Un museo pensado para todos
Una de las virtudes más notables del nuevo museo es su compromiso con la inclusión. Las salas están equipadas con estaciones audio táctiles, textos en braille, réplicas accesibles al tacto y recursos que buscan fomentar la empatía hacia las personas con discapacidad visual. Como explica la curadora, “este mundo está más diseñado para la gente normativa. Intentamos colocar al público en los zapatos de alguien más”.

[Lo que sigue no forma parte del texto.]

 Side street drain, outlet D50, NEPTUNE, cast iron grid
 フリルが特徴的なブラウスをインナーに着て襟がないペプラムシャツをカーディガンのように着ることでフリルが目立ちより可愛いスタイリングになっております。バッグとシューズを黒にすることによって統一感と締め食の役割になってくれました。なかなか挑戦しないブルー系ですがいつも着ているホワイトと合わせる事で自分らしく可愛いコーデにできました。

Esta visión incluyente no sólo se limita a la accesibilidad física, sino que también llega a la forma en que se narra la historia: desde la cosmovisión maya hasta el impacto del mundo colonial, desde los silencios impuestos por la conquista hasta las voces feministas del siglo XX que resonaron en este mismo edificio.

Un pasado con muchas capas
Durante la segunda parte del recorrido y entrevista, el historiador y divulgador Patricio Rivas nos sumergió en una etapa más reciente —aunque no menos impactante— de la historia, ofreciendo un relato vibrante que enriqueció la entrevista y conectó el pasado. El Ateneo Peninsular fue escenario de múltiples batallas ideológicas: fue apropiado por los constitucionalistas en tiempos de Felipe Carrillo Puerto, quien buscó marcar el inicio de una nueva era socialista y progresista. No es casualidad que el corredor principal se llame hoy Paseo de la Revolución.

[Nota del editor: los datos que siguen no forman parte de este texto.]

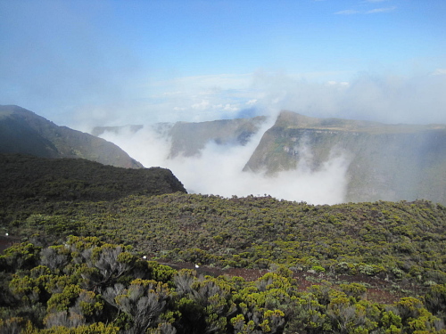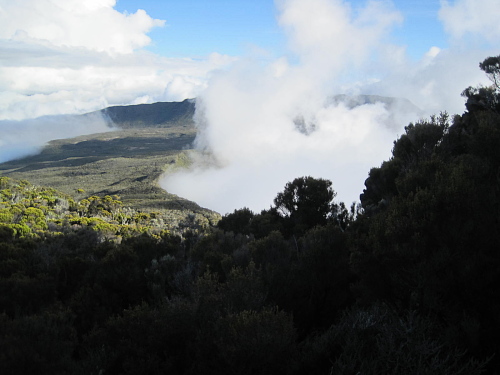 Höhenlagen mit traumhaft schönen Ausblicken auf die märchenhaften Vulkankegel wechseln sich jetzt mit sagenumwobenen Urwaldtrails ab - eine märchenhafte Kulissen. Gerade diese Eindrücke der einzigartigen Strecke machen die Faszination des Grand Raid Reunion aus. Ich beginne den Lauf zu genießen. Zeit dazu habe ich allemal, denn meine zeitlichen Ambitionen haben sich längst verflüchtigt.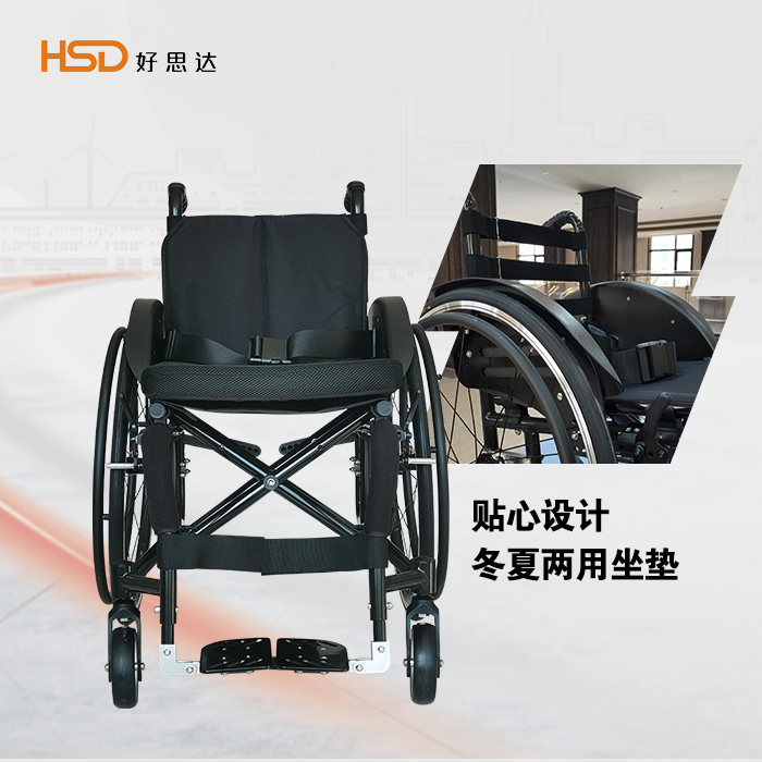 整車鋁合金車架,工字鋼直徑=25mm,壁厚=2.5mm;腳踏板可翻起;坐寬38,40,43可選;后輪24寸氣胎,能有效減震,使用舒適。通過按壓輪圈中間按鈕,可輕松拆卸輪胎,方便外出攜帶;車架可快速折疊,占用空間小。特設(shè)加強(qiáng)型低位護(hù)板,給上肢更大的活動空間,方便上下輪椅。坐墊采用加厚海綿,透氣網(wǎng)格布料,讓乘客舒適、安心。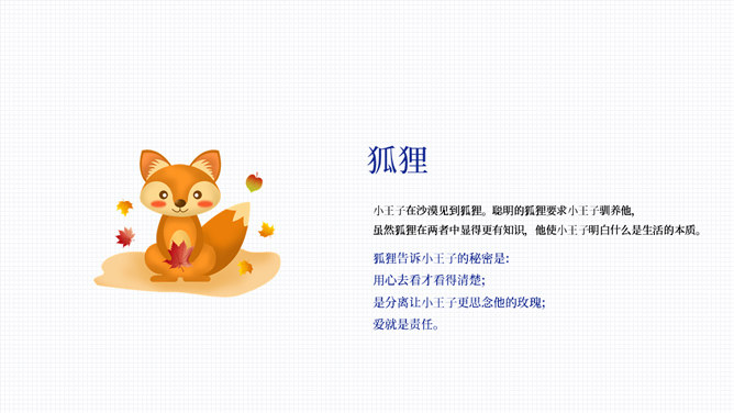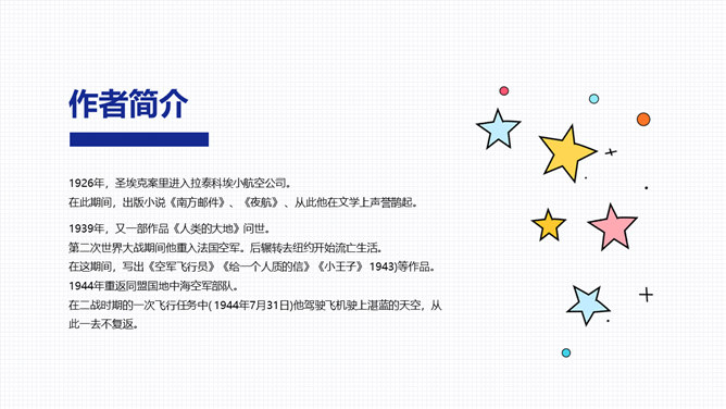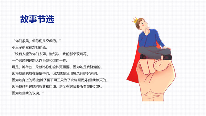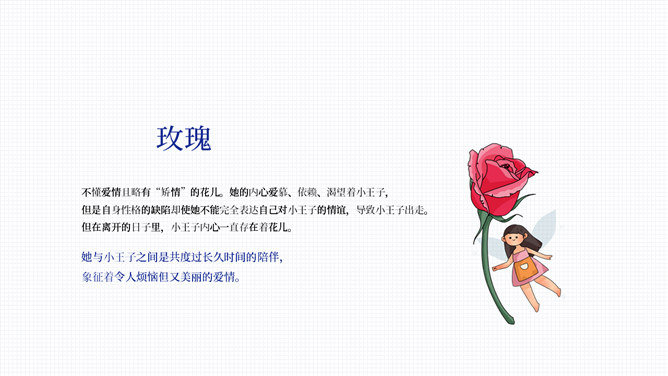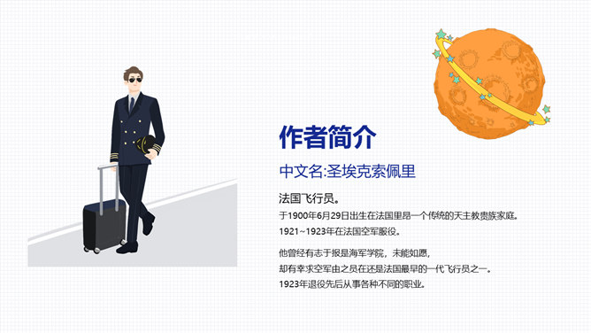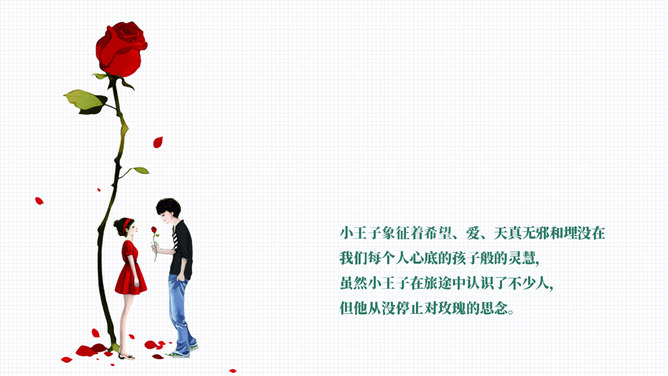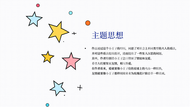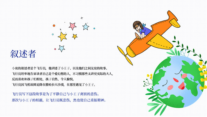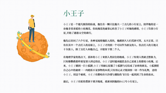 《小王子》介绍读后感PPT模板。小王子,小说就是以他命名的,是一个神秘可爱的孩子。他住在被称作B-612小星球,是那个小星球唯一居民。小王子离别自己的星球和所爱的玫瑰花开始宇宙旅行,最后来到了地球,在撒哈拉沙漠,小王子遇到小说的叙述者飞行员,并和他成了好朋友。

Aquí también nació la segunda Liga Feminista de América Latina. Desde las aulas de Rita Cetina hasta los discursos de Elvia Carrillo Puerto y Rosa Torre —primeras diputadas y presidentas municipales del país—, este espacio guarda una memoria feminista que sigue viva, aunque pocas veces visibilizada.

Una ciudad dentro de otra
El museo, aún en crecimiento, revela que Mérida no sólo fue construida sobre la piedra de antiguas pirámides mayas, sino también sobre las capas superpuestas de luchas sociales, proyectos de nación y vidas cotidianas. “Todo este edificio está hecho con piedras que alguna vez fueron sagradas para los mayas”, dice Rivas. “Cuando caminamos por aquí, en realidad caminamos sobre las huellas de miles de años de historia”.
Próximamente se espera la habilitación de otras salas. La apertura oficial del museo ocurrió el 26 de abril, pero sus posibilidades apenas comienzan a desplegarse. Actualmente, abre sus puertas de martes a domingo, en un horario de 10:00 a 14:00 horas, y la entrada es gratuita mediante un sencillo registro previo en el sitio.

Un museo en movimiento
Como la historia que resguarda, el museo mismo está en constante transformación. No sólo documenta el pasado, sino que lo revive con sensibilidad y rigor. El Museo del Tren Maya no es un punto de llegada, sino una estación de tránsito hacia una conversación más profunda sobre nuestro pasado y futuro. Un espacio donde la arqueología, la historia y la memoria se encuentran con la inclusión, la divulgación y la emoción de redescubrir lo que alguna vez fuimos, y aún somos.